* Task goal
Would you please transcribe the listing exactly, with no images?
BEGIN Data for this task
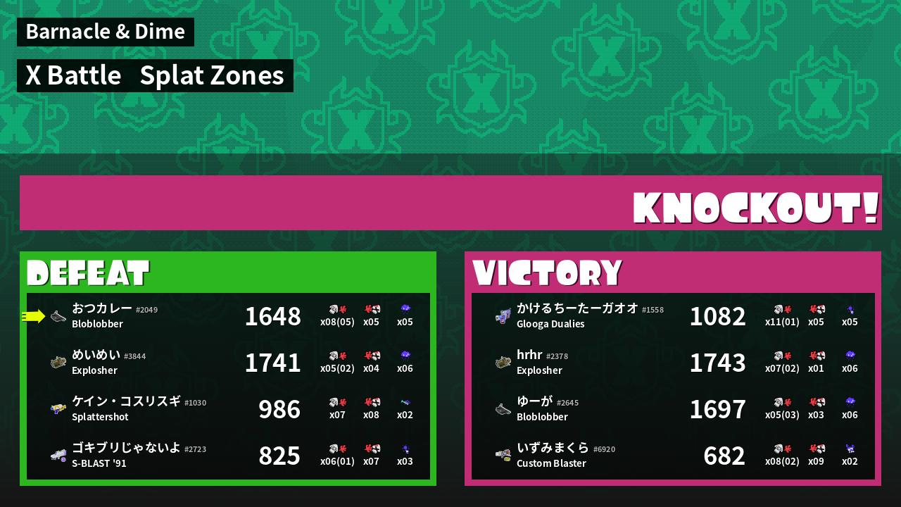 | Mode | Splat Zones - X Battle |
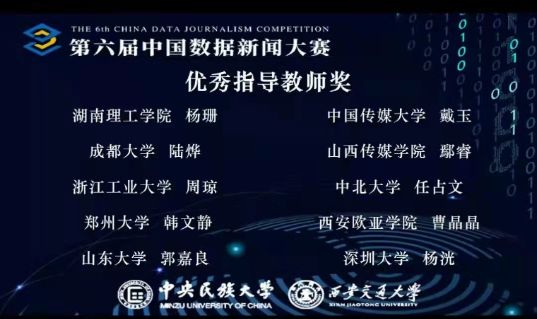 11月6日第六届中国数据新闻大赛决赛落下帷幕,我院2018级本科生牛凝、杨婷丹、汪龙佳团队参赛作品《这届老年人当起网红,也太强了吧!》获得三等奖、研究生陆炫羽团队作品《现实版“小舍得”:小学生家长为何最焦虑?》获得优秀奖、新媒体系教师侯滢和实验室助教郭嘉良分别获得优秀指导教师奖。
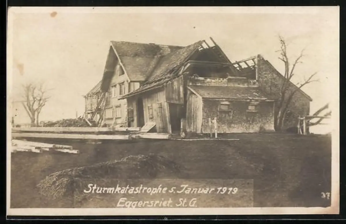 AK Eggersriet, Zerstörtes Haus nach der Sturmkatastrophe am 05. Januar 1919
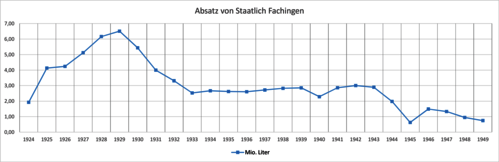Anfänglich verkaufte das Unternehmen weniger als eine Million Liter Heilwasser im Jahr. Der Absatz konnte bis zum Ausbruch des Ersten Weltkrieges 1914 auf über sechs Millionen Liter gesteigert werden. Im Jahr der Ruhrkrise und der völligen Entwertung der deutschen Währung 1923 konnte kaum noch Heilwasser verkauft werden. Bis 1929 erholte sich Staatlich Fachingen kurzzeitig, fasste aber ab der Weltwirtschaftskrise in den frühen 1930er Jahren, im Gegensatz zu anderen Mineralbrunnen, [Anm. 9] nicht mehr Fuß bei den Verbrauchern und setzte jährlich nur 2 bis 3 Mio. Liter ab. Dennoch beschäftigte Fachingen Zwangsarbeiter. [Anm. 10] Die Quellen dokumentieren allerdings Spannungen zwischen dem NS-Regime; so musste der Brunnen Niederselters 1942 der SS überlassen werden [Anm. 11] und die Verlängerung der Pacht fand nur kurzzeitig und kurzfristig statt. [Anm. 12] Dadurch gab es für den Pächter wenig Anreiz, größere Investitionen durchzuführen.
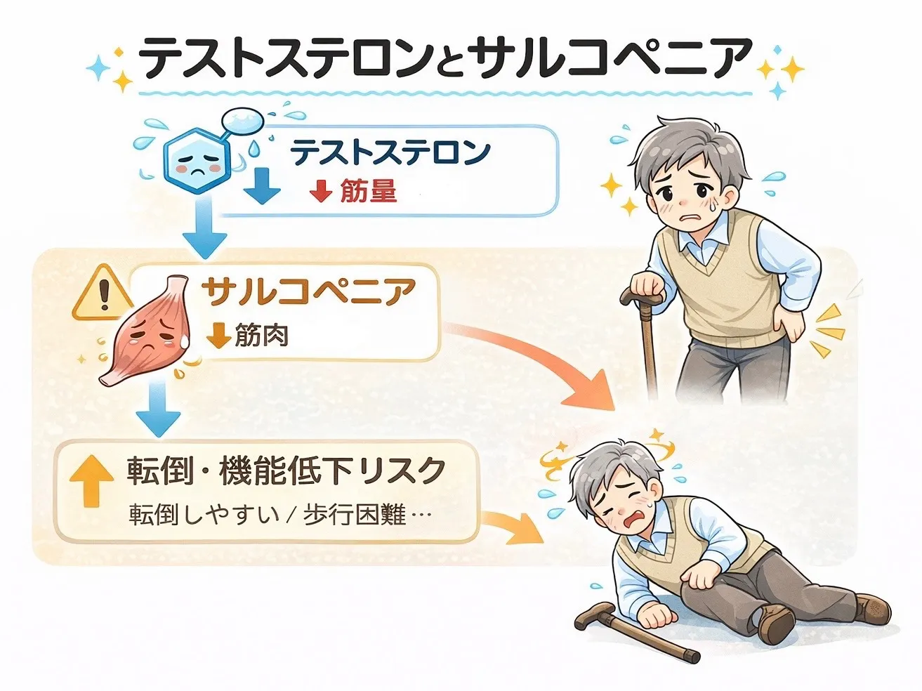 ✔ 低いテストステロンはサルコペニアや生活機能低下リスクにつながる可能性がある。
END Data for this task
* Answer to the exercise
 | Mode | Splat Zones - X Battle |
 11月6日第六届中国数据新闻大赛决赛落下帷幕,我院2018级本科生牛凝、杨婷丹、汪龙佳团队参赛作品《这届老年人当起网红,也太强了吧!》获得三等奖、研究生陆炫羽团队作品《现实版“小舍得”:小学生家长为何最焦虑?》获得优秀奖、新媒体系教师侯滢和实验室助教郭嘉良分别获得优秀指导教师奖。
 AK Eggersriet, Zerstörtes Haus nach der Sturmkatastrophe am 05. Januar 1919
Anfänglich verkaufte das Unternehmen weniger als eine Million Liter Heilwasser im Jahr. Der Absatz konnte bis zum Ausbruch des Ersten Weltkrieges 1914 auf über sechs Millionen Liter gesteigert werden. Im Jahr der Ruhrkrise und der völligen Entwertung der deutschen Währung 1923 konnte kaum noch Heilwasser verkauft werden. Bis 1929 erholte sich Staatlich Fachingen kurzzeitig, fasste aber ab der Weltwirtschaftskrise in den frühen 1930er Jahren, im Gegensatz zu anderen Mineralbrunnen, [Anm. 9] nicht mehr Fuß bei den Verbrauchern und setzte jährlich nur 2 bis 3 Mio. Liter ab. Dennoch beschäftigte Fachingen Zwangsarbeiter. [Anm. 10] Die Quellen dokumentieren allerdings Spannungen zwischen dem NS-Regime; so musste der Brunnen Niederselters 1942 der SS überlassen werden [Anm. 11] und die Verlängerung der Pacht fand nur kurzzeitig und kurzfristig statt. [Anm. 12] Dadurch gab es für den Pächter wenig Anreiz, größere Investitionen durchzuführen.
 ✔ 低いテストステロンはサルコペニアや生活機能低下リスクにつながる可能性がある。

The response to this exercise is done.